Advocates of distributed architectures favor this model because of its flexibility. It allows VoIP applications to be treated like any other distributed IP application, and it allows the flexibility to add intelligence to either endpoints or call-control devices, depending on the business and technology requirements of the network. Distributed architectures are usually well understood by engineers who run IP data networks. Critics of distributed architectures commonly point to the existing PSTN infrastructure as the only reference model that should be used when trying to replicate legacy voice services. They also note that distributed networks tend to be more complex.

H.323

H.323 was originally created to provide a mechanism for transporting multimedia applications over local-area networks. Although H.323 is still used by numerous vendors for videoconferencing applications, it has rapidly evolved to address the growing needs of VoIP networks. Because of its early availability and these advancements, H.323 is currently the most widely used VoIP signaling and call-control protocol, with international and domestic carriers relying on it to handle billions of minutes of use each year.

H.323 is considered an "umbrella protocol" because it defines all aspects of call transmission, from call establishment to capabilities exchange to network resource availability. H.323 defines Registration, Admission, and Status Protocol (RAS) protocols for call routing, H.225 protocols for call setup, and H.245 protocols for capabilities exchange.

Figure 1
H.323 Networks

H.323 is based on the Integrated Services Digital Network (ISDN) Q.931 protocol, which allows it to easily interoperate with legacy voice networks such as the PSTN or Signaling System 7 (SS7).

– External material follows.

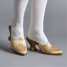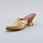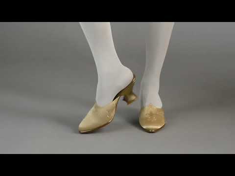 Charlotte 18th century mules blend history and fantasy in an opulent and sophisticated 18th century satin mule. Correct for c. 1700 - 1770s, these elegant backless heeled slippers feature a superbly balanced gold French heel, leather lining for easy walking, and a softly pointed toe. Pair Charlotte with your best Georgian gown, or with your everyday wardrobe to add a touch of luxury!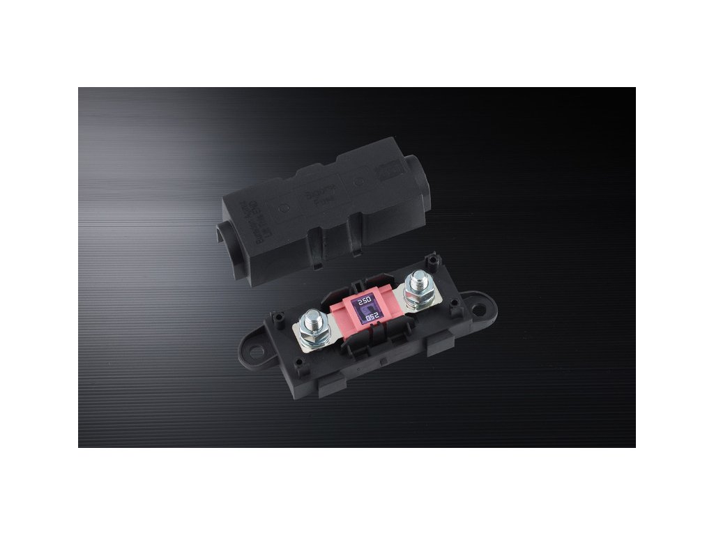 Plně izolovaný pojistkový držák pro pojistky vysokého zatížení k ochraně velkých spotřebičů nebo obvodů s vysokým zatížením. Pojistkový držák je možné napojit a je vybaven M8 závitovými tyčemi z obou stran. Pojistkový držák pro vysoké zatížení k ochraně velkých spotřebičů. Vhodné pro 12 V a 24 V.

As a protocol used in a distributed architecture, H.323 allows companies to build large-scale networks that are scalable, resilient, and redundant. It provides mechanisms for interconnecting with other VoIP networks, and supports network intelligence on either the endpoints or the gatekeepers.

MGCP/H.248/Megaco

MGCP and H.248/Megaco were designed to provide an architecture where call control and services could be centrally added to a VoIP network. In that sense, an architecture using these protocols closely resembles the existing PSTN architecture and services.

MGCP and H.248/Megaco define most aspects of signaling using a model called packages. These packages define commonly used functionality, such as PSTN signaling, line-side device connectivity, and features such as transfer and hold. In addition, Session Definition Protocol (SDP) is used to convey capabilities exchange.

Figure 2
MGCP/H.248/Megaco Networks

In a centralized architecture, MGCP and H.248/Megaco allow companies to build large-scale networks that are scalable, resilient, and redundant. It provides mechanisms for interconnecting with other VoIP networks and for adding intelligence and features to the call agent.

SIP

SIP was designed as a multimedia protocol that could take advantage of the architecture and messages found in popular Internet applications. By using a distributed architecture—with URLs for naming and text-based messaging—SIP attempts to take advantage of the Internet model for building VoIP networks and applications. In addition to VoIP, SIP is used for videoconferencing and instant messaging.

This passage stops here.